Spark-Riak Connector Add-on (Riak TS)
Table Range Query Partitioning
Riak TS range queries are limited to a maximum of 5 quanta (see Querying Data in Riak TS). To work around this limitation or simply achieve higher read performance, large ranges can be split into smaller sub-ranges at partitioning time.
To use this functionality, you must provide the following options:
spark.riak.partitioning.ts-range-field-name
to identify quantized fieldspark.riak.input.split.count
to identify number of partitions/subranges (default value is10
)
For example:
val df = sqlContext.read
.option("spark.riak.input.split.count", "5")

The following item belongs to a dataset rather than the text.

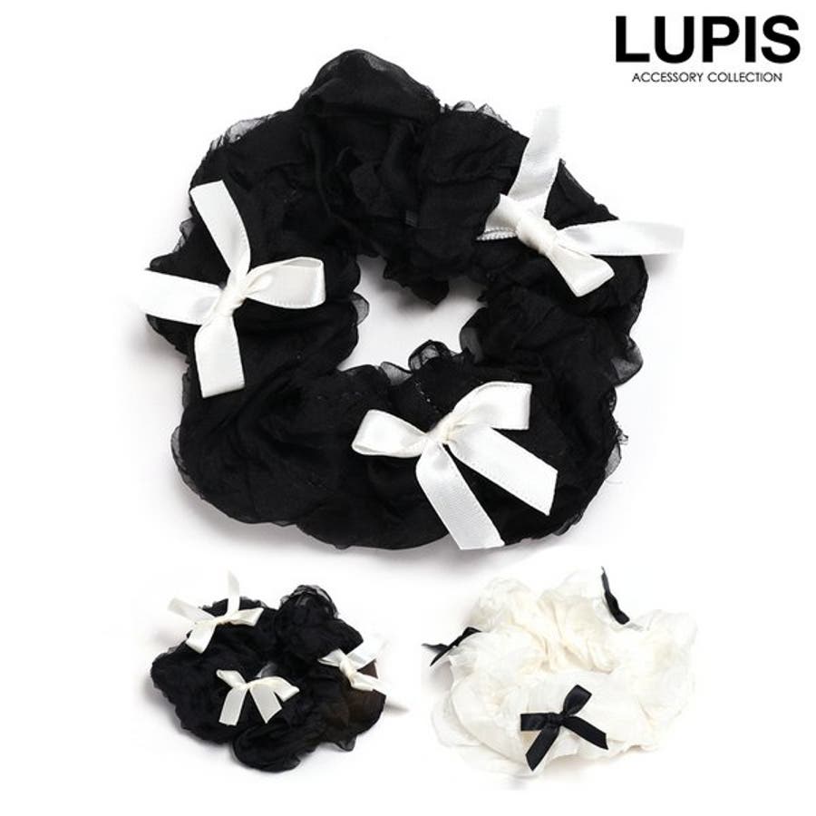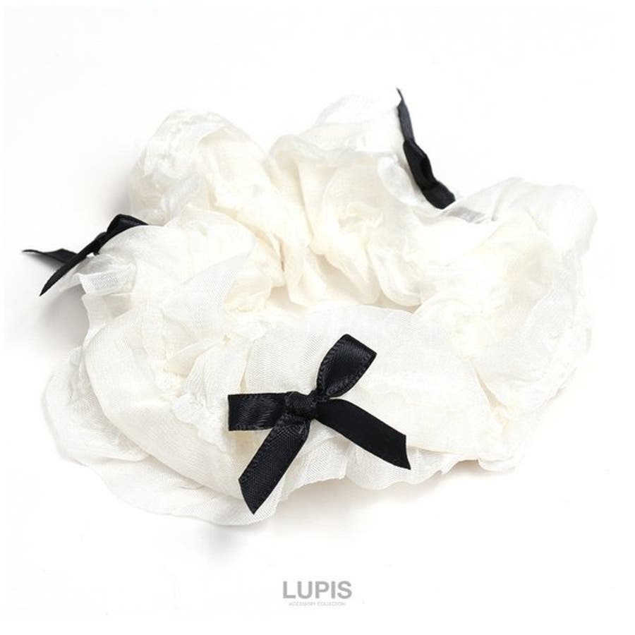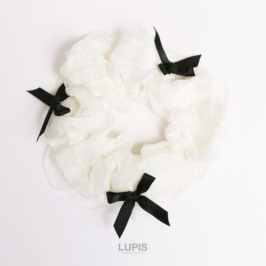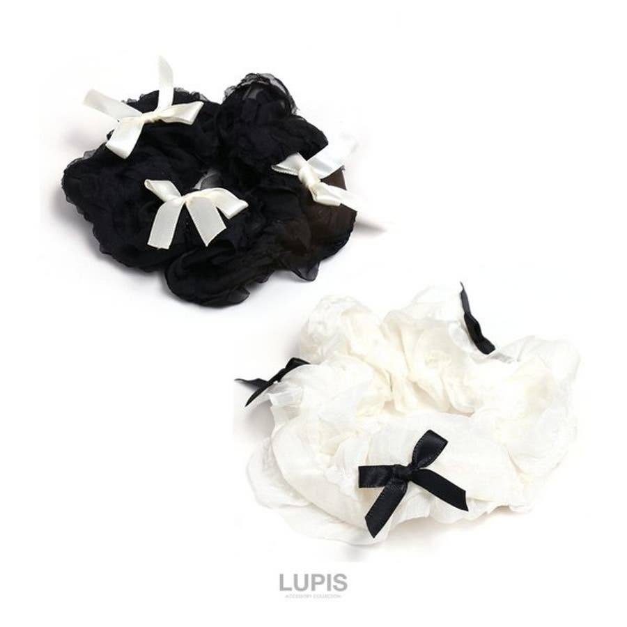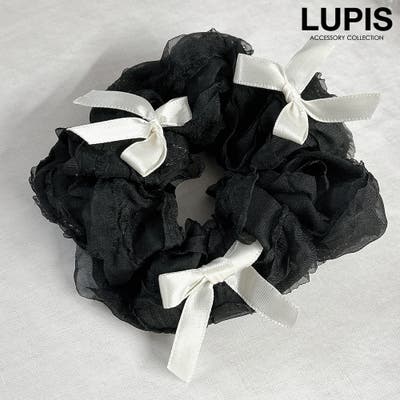 プチプラ ヘアアクセサリー シュシュ ヘアゴム リボン フリル ガーリー バレエコア フェミニン かわいい モノトーン ポニー お団子 韓国 韓国ファッション アイボリー ブラック 10代 20代 30代 レディース 女性 アクセサリー アクセ 安い 春 夏 春夏 秋 冬 秋冬 ルピス LUPIS

.option("spark.riak.partitioning.ts-range-field-name", "time")
.format("org.apache.spark.sql.riak")
.schema(schema)
.load(ts_table_name)
.filter(s"time >= CAST(111111 AS TIMESTAMP) AND time <= CAST(555555 AS TIMESTAMP) AND col1 = 'val1'")
df = sqlContext.read \
.option("spark.riak.input.split.count", "5") \
.option("spark.riak.partitioning.ts-range-field-name", "time") \
.format("org.apache.spark.sql.riak") \
.schema(schema) \
.load(ts_table_name) \
.filter(s"time >= CAST(111111 AS TIMESTAMP) AND time <= CAST(555555 AS TIMESTAMP) AND col1 = 'val1'")
The initial range query will be split into 5 subqueries (one per each partition) as follows:
time >= CAST(111111 AS TIMESTAMP) AND time < CAST(222222 AS TIMESTAMP) AND col1 = 'val1'
time >= CAST(222222 AS TIMESTAMP) AND time < CAST(333333 AS TIMESTAMP) AND col1 = 'val1'
time >= CAST(333333 AS TIMESTAMP) AND time < CAST(444444 AS TIMESTAMP) AND col1 = 'val1'
time >= CAST(444444 AS TIMESTAMP) AND time < CAST(555555 AS TIMESTAMP) AND col1 = 'val1'
time >= CAST(555555 AS TIMESTAMP) AND time < CAST(555556 AS TIMESTAMP) AND col1 = 'val1'
Not providing the spark.riak.partitioning.ts-range-field-name
property will default to having a single partition with initial query.